The sheep-station men who lead the most lonely lives are the boundary riders. They go along the fences day after day and see that the gates are closed and everything is all right. They spend their time in the saddle, riding forty, fifty, and sometimes a hundred miles daily. They carry their blankets with them and sleep on the ground, hobbling their horses beside them.

The real aristocrats of the sheep business are those who clip the wool from the animals’ backs. Sheep shearing is almost a profession in Australia. There are thousands who do nothing else, and they form one of the most important classes of Australian workmen. In the old days the sheep shearer was dependent on the wool growers, taking work wherever he could get it and living in any kind of quarters the station might see fit to give him. But this has changed, and now he dictates terms to the sheep men, with special laws in every state to back him up. The employer must provide decent accommodations and had best handle the men with gloves, or else he will have to reckon with the shearers’ union, one of the most powerful in the Commonwealth. When shearing time comes, the squatter signs a contract, made out according to a prescribed form; and, as a rule, this agreement is rigidly lived up to by both parties. One of the union rules most strictly enforced is that no shearer can be compelled to shear wet sheep. Yet, if he has arrived in the station and finds the sheep wet, he must be paid for the time he waits for their wool to dry out. This is sometimes a hardship for the employer, for even in dry seasons the heavy fleeces absorb considerable moisture.

The season lasts for nine months. Gangs of shearers start in Queensland, where it is warmest, and then work their way south from station to station until they reach the island state of Tasmania. From there some of the shearers go over to New Zealand, which has a still later season.

Every station has its shearing shed, with barracks for the men. The shearers furnish their own food, buying it of the squatter at wholesale prices. Each gang of shearers has its own cook, and they usually live very well.

In the past many of the shearers were drunkards. They would work at a station until the job was completed, and then take their wages to the nearest public house and there consume them in liquor. Sometimes, they would hand their money over to the saloon-keeper and tell him to keep an account and put them out when the money was gone, a bargain promptly fulfilled by the publican. To-day many of these men are frugal and temperate. They shear for a few years, getting a thousand dollars or more a season, and then invest their savings in stock of their own.

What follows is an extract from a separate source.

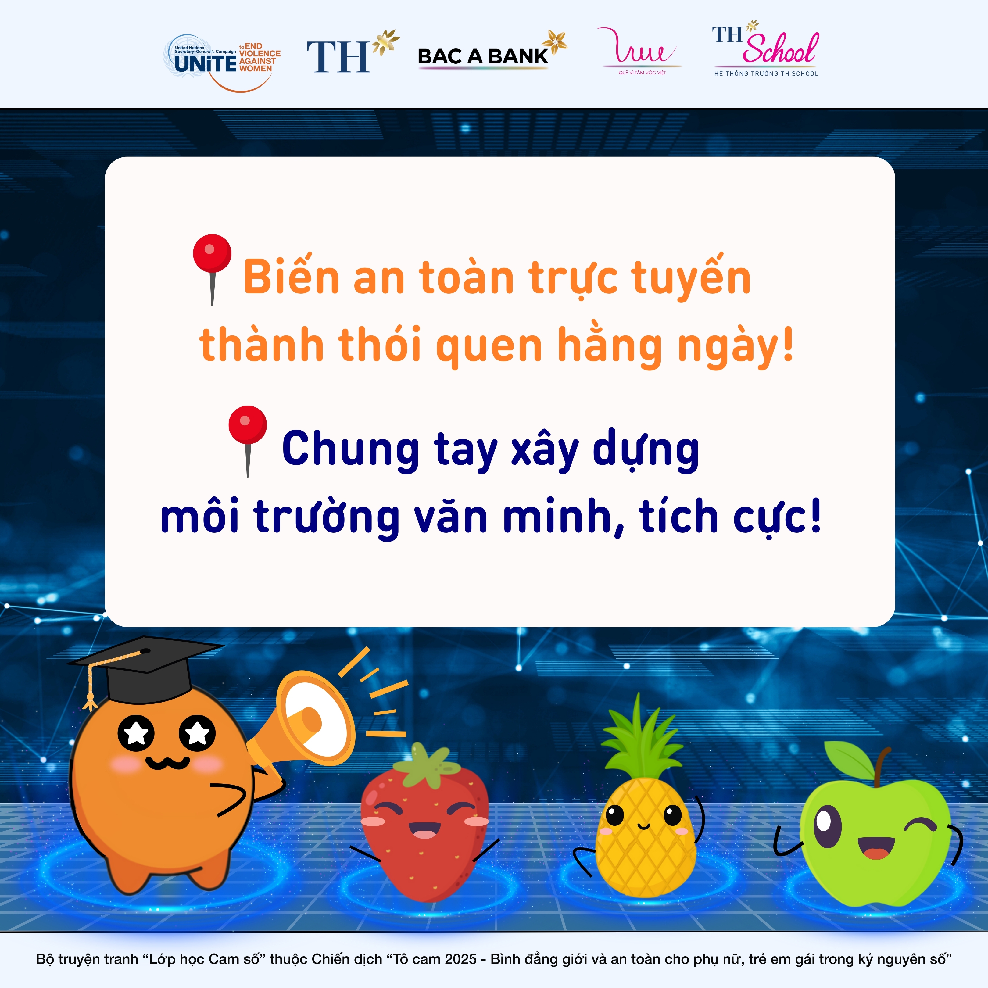 Hôm nay cũng là ngày cuối cùng của Chiến dịch Tô cam, Giáo sư Cam vẫn mong rằng mỗi chúng ta sẽ biến an toàn trực tuyến thành một thói quen hằng ngày. Hãy cùng chung tay xây dựng một môi trường sống và cả môi trường mạng văn minh, tích cực, để mỗi trải nghiệm số đều an toàn, thú vị và tràn đầy niềm vui!
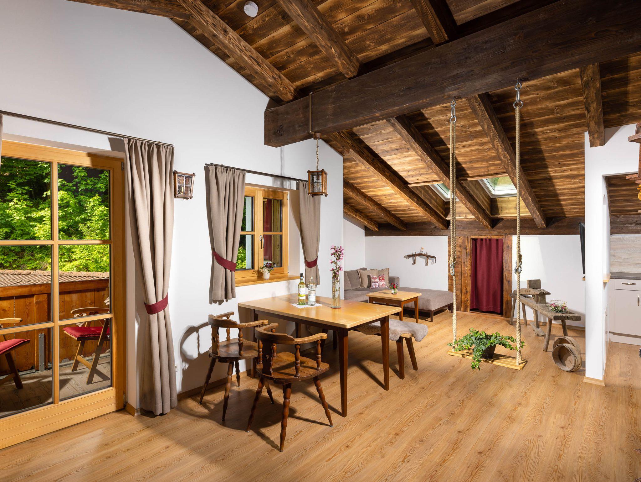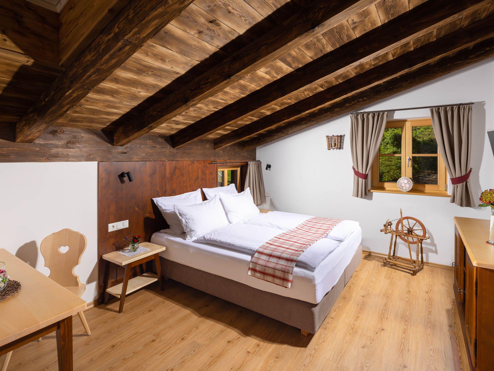 Das Ferien-Appartement ALPENZAUBER bietet mit antiken Artefakten und historischen Bildern einen kleinen Einblick in die ursprüngliche Lebensweise auf einem oberbayerischen Bauernhof. Lassen Sie sich von der Nostalgie verzaubern! Natürlich müssen Sie trotzdem nicht auf den gehobenen Komfort einer Ferienwohnung nach neuestem Standard verzichten. Boxspringbetten in den Schlafzimmern, separate Badezimmer mit Badewanne, ein großzügiger Wohnbereich mit privatem Südbalkon und voll ausgestatteter Einbauküche lassen keine Wünsche offen und laden zum Verweilen ein. Auf 80 qm Wohnfläche genießen Sie Ihren Urlaub vom ersten bis zum letzten Tag. Die Verwendung natürlicher Materialien wie gehacktes, Mond geschlagenes Holz oder Naturstein sind eine Hommage an alte Zeiten und ergeben ein freundliches und angenehmes Raumklima. Die großzügige Wohnlandschaft mit Flachbild-Fernseher bringt Entspannung auch bei ungemütlichem Wetter. Wenn Sie es noch uriger wünschen, können Sie auch das ehemalige Bienenhaus mit eigenem Holzofen für einen Spieleabend oder eine Geburtstagsfeier mieten. Sprechen Sie einfach mit uns, wir stehen Ihnen gerne mit Rat und Tat zur Seite. Bei Belegung mit zwei Personen steht Ihnen ein Schlafzimmer zur Verfügung, das zweite Schlafzimmer kann gegen Aufpreis mitbenutzt werden. Beistellbett auf Anfrage bei Vermieter möglich.

Nowadays the sheep are practically all sheared by machines, somewhat like a barber’s clippers, which are run by steam, compressed air, or electricity. The clippers are fastened to a flexible tube like that connecting a dentist’s drill with its motor. They consist of little knives which move backward and forward over each other at the rate of two thousand times a minute and cut through the wool as a hot knife cuts through butter, taking it off more smoothly and cleanly than by hand. I have seen sheep shorn in this way so that their skins were as smooth as the nap of fine cloth, and as they scampered off they seemed to be clad in soft, white, velvety coats. The managers tell me that, as compared with shearing by hand, the machines save from a quarter to a half pound of wool per sheep, and that there is less danger of cutting the skin than in hand shearing. The average number shorn by each machine is a little more than one hundred per day. Some men can shear more than one hundred per day by hand, and one man is known to have cut the wool from three hundred and twenty-one sheep in one day with a pair of hand shears.

After the wool is shorn it is sorted according to the part of the animal from which it came. On some stations it is put up in bales of three hundred and ninety pounds. Getting the wool to market is a considerable item in the station’s expenses, especially if it is situated far from a railroad. While motor trucks and tractors are coming into use, much of the clip is still hauled on carts drawn by oxen. Some carts will carry ten tons, a yoke of eight or ten oxen being used to pull them.

The bullock drivers, or “bullockies,” as they are called in this land of nicknames, are familiar figures in Australia’s sheep country. Many of them have no other homes than their great, creaking carts, and these often form the homes of their families as well. Such outfits sometimes even include goats to furnish milk on the way.

The “bullockies” spend their lives crawling along the lonely roads behind their slow-moving oxen. In the back blocks they will tell you stories of big loads and record trips. One bullock driver hired a brass band to meet his biggest load of wool at the edge of the railroad town, which he entered with a flourish that brought all the population out to do him honour. A New South Wales “bullocky” drove a team of forty-two oxen ninety-two miles with a load of one hundred and forty-four bales of wool. His team was yoked four abreast and they were kept on the move by the cracks of a whip loaded with ten pounds of shot to weight the lash. Their driver probably used also a steady stream of the profanity for which all Australian “bullockies” are noted.

Another character of the life of the sheep stations is the “sun-downer,” a tramp whose like I have not met in any other part of the world. He will not work, but he travels about on foot from station to station, carrying a can for making his tea and a blue blanket for a bed. From the colour of his blanket he is sometimes called a “humping bluey.”